The letter X has more uses in math than in the English language.
To be fair, it's value in math is variable.
I just hate how when you first learn math the multiply symbol is an x. And then it becomes a variable and you have to use a little dot for multiplication. Like...why change it on us?! Just start with the dot or leave me with my original use of x!
And yet it's still hard to find! Okay sorry I'm leaving
I'm perplexed, your lack of extra sex with a fox must leave you vexed and seeking the exit. Go get your fix of text-based problems about how many xylophones Xenia can stack in six boxes.
Our nervous system has over 200,000 years worth of engineering and yet it still can't tell the difference between a sabre tooth tiger and the 20 members of the audience waiting to see your speech presentation.
I'd rather die than give an embarrassing speech
Absolutely. It seems completely backwards that people are terrified to talk in front of a crowd, but will text on the highway without a second thought. The need to be accepted by the community is an old and deeply-rooted instinct. To us, rejection still actually means death, and we fear it as such.
Sabre tooth tiger it is
I think fear of rejection is actually an evolutionary trait. Early humans needed to cooperate and so rejection from a community could mean death. It's not surprising to me that people fear impressing a group of people as much as they might fear a violent encounter; historically, failure to impress or fit in to your community could also lead to premature death.
Pregnancy is like a group project where one person gets stuck with all the work.
Jeez I get that men have to pick up a lot of slack when a woman is pregnant but to claim that they do all the work is an exaggeration and frankly pretty sexist
As project managers like to say: "9 women can't have a baby in one month."
Unless they're having Heimdal
Luckily, no one is obligated to undertake this particular group project.
Couches are amazing to nap on in the afternoon but become strangely uncomfortable if you have to sleep on one at night.
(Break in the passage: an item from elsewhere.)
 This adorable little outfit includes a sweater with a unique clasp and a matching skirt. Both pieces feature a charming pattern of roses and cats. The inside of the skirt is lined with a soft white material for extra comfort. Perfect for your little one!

It's because the bed/bedroom is imprinted on your brain as the designated recharge station. When you nap on the couch, your brain knows that you're just taking a breather and to not make any hours-long commitments.
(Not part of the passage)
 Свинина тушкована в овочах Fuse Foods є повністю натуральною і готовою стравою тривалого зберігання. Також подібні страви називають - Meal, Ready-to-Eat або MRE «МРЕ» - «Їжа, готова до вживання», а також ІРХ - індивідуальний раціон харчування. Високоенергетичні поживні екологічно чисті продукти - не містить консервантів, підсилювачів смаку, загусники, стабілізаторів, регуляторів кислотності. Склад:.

Welp, lets pack up boys, we got our answer. Can't argue with that logic.
Idk my couch is pretty comfortable and i would rather sleep on it than my bed.
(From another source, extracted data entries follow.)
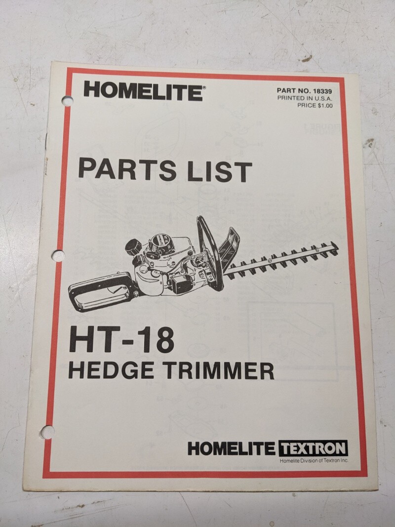 Homelite Illustrated Parts Catalog List Book Manual Hedge Trimmer Ht-18 18339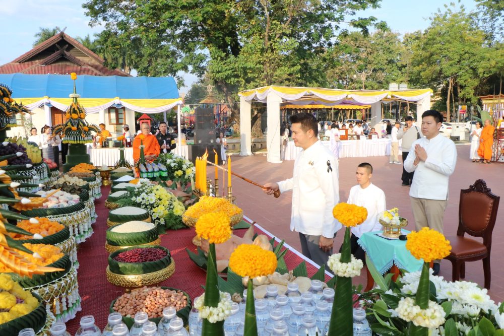 เข้าร่วมพิธีทำบุญ บวงสรวงสิ่งศักดิ์สิทธิ์ เจริญพระพุทธมนต์และถวายภัตตาหารพระสงฆ์ ณ หอประชุมนันทพัฒน์ ศาลากลางจังหวัดน่าน ศูนย์ราชการจังหวัดน่าน ตำบลไชยสถาน อำเภอเมืองน่าน จังหวัดน่าน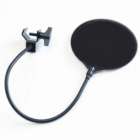 Filtro Anti-Pop professionale per microfoni a largo diaframma, con filtro in tessuto di nylon trasparente al suono. Morsetto e flessibile di migliore materiale e costruzione. Adatto a microfoni da studio di qualità superiore.

I have a great bed but I sleep 6/7 nights on my couch because it has access to the good TV.
You could kill a lot of people if you filled bubble wrap with poison gas
ah ah !
now imagine if cigarettes were deadly !
They call him the unapopper
Im getting mixed messages
OP is now on a list.
There's probably a person smarter than Einstein somewhere in Africa working all day to get a few dollars to feed his children.
A lot more generous than Einstein too. A Nigerian was offering me a fabulous deal involving inherited funds.
A better way to word it would be to say there is probably someone out there with the potential to be smarter...
Unlikely, as intelligence is highly influenced by health, especially during childhood
Hey me too! Wonder if it was the same guy? He said he was a prince or something, so I guess I'll ask Dave. He knows everybody.
All non-fiction documentaries are part of the same cinematic universe
You are also a minor character in that cinematic universe
More like an extra in the background.
I wonder if there have been crossovers
Note to self, continually smoke in the background of shots to become a main character
I wonder if people stranded on deserted islands clean up their 'HELP' or 'SOS' signs before they leave. If not, how many times has a rescue landed and looked for hours for someone that's no longer there?
I saw a post here on reddit where that very thing actually did happen. I'll just use reddit search to find that real quick. I should be back in a jiffy.
Followup question, are there historical records of people stranded on islands that ACTUALLY used the "HELP" or "SOS" made of stones and it actually led to their rescue?
It's a common trope in our media, but I wonder if it has a basis in fact...
Looks like it definitely does happen! More often than you'd expect, from the looks of it.
I imagine you'd usually have to maintain it and nature would take care of them most of the time. Unless you're rolling boulders around to spell it out.
its not a desert island but there are a few mayday signs from captured soldiers in Vietnam that throw people off every once and awhile
I want to see a 2 episode series where Gordon Ramsay sings for Simon Cowell. Then Simon cooks a 3 course meal for Gordon and they critique each other.
It might even end well if they are self aware.
"You sing like I cook!"
"You cook like I sing!"
That won't work because they're actually the same person.
Then the second episode is them making sweet love
Hmm figures why I haven't seen them in the same room together
They should make separate sound level controls for dialogue and music in movies.
This would be fantastic ... I ALWAYS have subtitles on, even if it's English on English. I cannot stand not being able to hear what the hell is being said.
Unfortunately, Netflix in Germany very often do not have English subtitles available, though English ones are available when I go back home to Denmark... This logic I will never understand. In some cases I even chose to not watch the movie/show. :(
This would make watching movies much more enjoyable. Especially when trying to without waking the little man.
While I agree that putting the dialogue volume down makes porn way less arousing, this was not the initial premise of my post.
Can relate. It annoys me when Netflix has German subtitles, but only captions for English. "Man coughing in background" Thanks, I noticed.